====== SOURCE MATERIAL

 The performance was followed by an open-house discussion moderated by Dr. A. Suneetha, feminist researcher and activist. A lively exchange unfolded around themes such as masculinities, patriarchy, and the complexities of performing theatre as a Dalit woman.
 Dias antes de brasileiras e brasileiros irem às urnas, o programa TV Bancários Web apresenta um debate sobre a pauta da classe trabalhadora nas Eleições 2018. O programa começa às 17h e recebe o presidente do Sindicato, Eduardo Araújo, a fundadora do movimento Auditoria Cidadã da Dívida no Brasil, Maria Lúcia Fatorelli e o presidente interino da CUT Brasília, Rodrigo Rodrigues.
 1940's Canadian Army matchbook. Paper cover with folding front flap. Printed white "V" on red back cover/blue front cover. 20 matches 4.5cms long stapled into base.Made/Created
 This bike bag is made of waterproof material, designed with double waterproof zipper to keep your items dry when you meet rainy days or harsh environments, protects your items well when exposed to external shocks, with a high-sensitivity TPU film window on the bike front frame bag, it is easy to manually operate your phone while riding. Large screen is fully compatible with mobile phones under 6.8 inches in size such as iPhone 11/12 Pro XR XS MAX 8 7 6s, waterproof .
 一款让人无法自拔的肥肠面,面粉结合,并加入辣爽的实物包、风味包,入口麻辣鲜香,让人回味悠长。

============
====== SOURCE MATERIAL

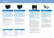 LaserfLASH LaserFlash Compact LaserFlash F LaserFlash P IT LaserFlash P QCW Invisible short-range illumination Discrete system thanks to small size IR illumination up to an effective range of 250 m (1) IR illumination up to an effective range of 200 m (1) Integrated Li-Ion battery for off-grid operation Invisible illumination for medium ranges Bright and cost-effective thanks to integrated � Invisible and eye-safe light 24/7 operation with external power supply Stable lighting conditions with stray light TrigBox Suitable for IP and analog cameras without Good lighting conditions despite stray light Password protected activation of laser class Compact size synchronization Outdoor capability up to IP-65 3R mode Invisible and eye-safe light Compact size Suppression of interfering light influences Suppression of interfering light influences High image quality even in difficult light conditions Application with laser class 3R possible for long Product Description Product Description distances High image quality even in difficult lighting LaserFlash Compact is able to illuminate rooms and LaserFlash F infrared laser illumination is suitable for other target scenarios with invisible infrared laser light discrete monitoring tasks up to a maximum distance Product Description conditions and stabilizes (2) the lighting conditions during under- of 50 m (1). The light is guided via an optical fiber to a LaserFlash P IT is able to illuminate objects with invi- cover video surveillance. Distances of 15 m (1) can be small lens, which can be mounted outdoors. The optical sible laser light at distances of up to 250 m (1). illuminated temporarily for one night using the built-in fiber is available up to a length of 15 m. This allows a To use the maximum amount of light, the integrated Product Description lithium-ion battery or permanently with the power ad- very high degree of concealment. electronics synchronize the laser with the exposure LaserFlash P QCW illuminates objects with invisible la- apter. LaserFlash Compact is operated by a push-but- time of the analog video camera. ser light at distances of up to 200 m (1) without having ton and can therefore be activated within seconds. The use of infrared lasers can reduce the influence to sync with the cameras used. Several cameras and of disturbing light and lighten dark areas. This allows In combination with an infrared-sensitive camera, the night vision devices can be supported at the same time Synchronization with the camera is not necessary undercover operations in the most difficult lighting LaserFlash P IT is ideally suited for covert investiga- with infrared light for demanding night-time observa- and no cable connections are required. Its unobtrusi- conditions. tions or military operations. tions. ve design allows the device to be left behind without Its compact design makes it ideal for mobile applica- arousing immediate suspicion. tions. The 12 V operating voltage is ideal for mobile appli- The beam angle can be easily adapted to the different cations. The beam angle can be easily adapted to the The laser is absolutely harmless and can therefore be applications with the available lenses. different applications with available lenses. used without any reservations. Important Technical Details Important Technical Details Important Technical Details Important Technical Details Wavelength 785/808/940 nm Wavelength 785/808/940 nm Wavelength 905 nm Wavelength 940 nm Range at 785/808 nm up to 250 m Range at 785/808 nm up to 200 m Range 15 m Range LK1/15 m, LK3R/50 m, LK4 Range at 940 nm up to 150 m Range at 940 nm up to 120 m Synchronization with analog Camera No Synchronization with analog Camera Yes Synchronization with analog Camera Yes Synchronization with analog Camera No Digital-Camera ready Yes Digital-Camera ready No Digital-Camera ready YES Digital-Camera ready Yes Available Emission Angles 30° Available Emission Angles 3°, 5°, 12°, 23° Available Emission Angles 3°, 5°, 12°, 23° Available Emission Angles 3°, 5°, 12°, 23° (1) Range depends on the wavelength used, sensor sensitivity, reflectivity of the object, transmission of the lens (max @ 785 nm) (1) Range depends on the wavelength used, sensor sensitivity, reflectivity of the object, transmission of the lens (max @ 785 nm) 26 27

============

§ EXERCISE
The lines you need are those holding the word "such"; copy each of them from the material above.

§ SOLUTION
 The performance was followed by an open-house discussion moderated by Dr. A. Suneetha, feminist researcher and activist. A lively exchange unfolded around themes such as masculinities, patriarchy, and the complexities of performing theatre as a Dalit woman.
 This bike bag is made of waterproof material, designed with double waterproof zipper to keep your items dry when you meet rainy days or harsh environments, protects your items well when exposed to external shocks, with a high-sensitivity TPU film window on the bike front frame bag, it is easy to manually operate your phone while riding. Large screen is fully compatible with mobile phones under 6.8 inches in size such as iPhone 11/12 Pro XR XS MAX 8 7 6s, waterproof .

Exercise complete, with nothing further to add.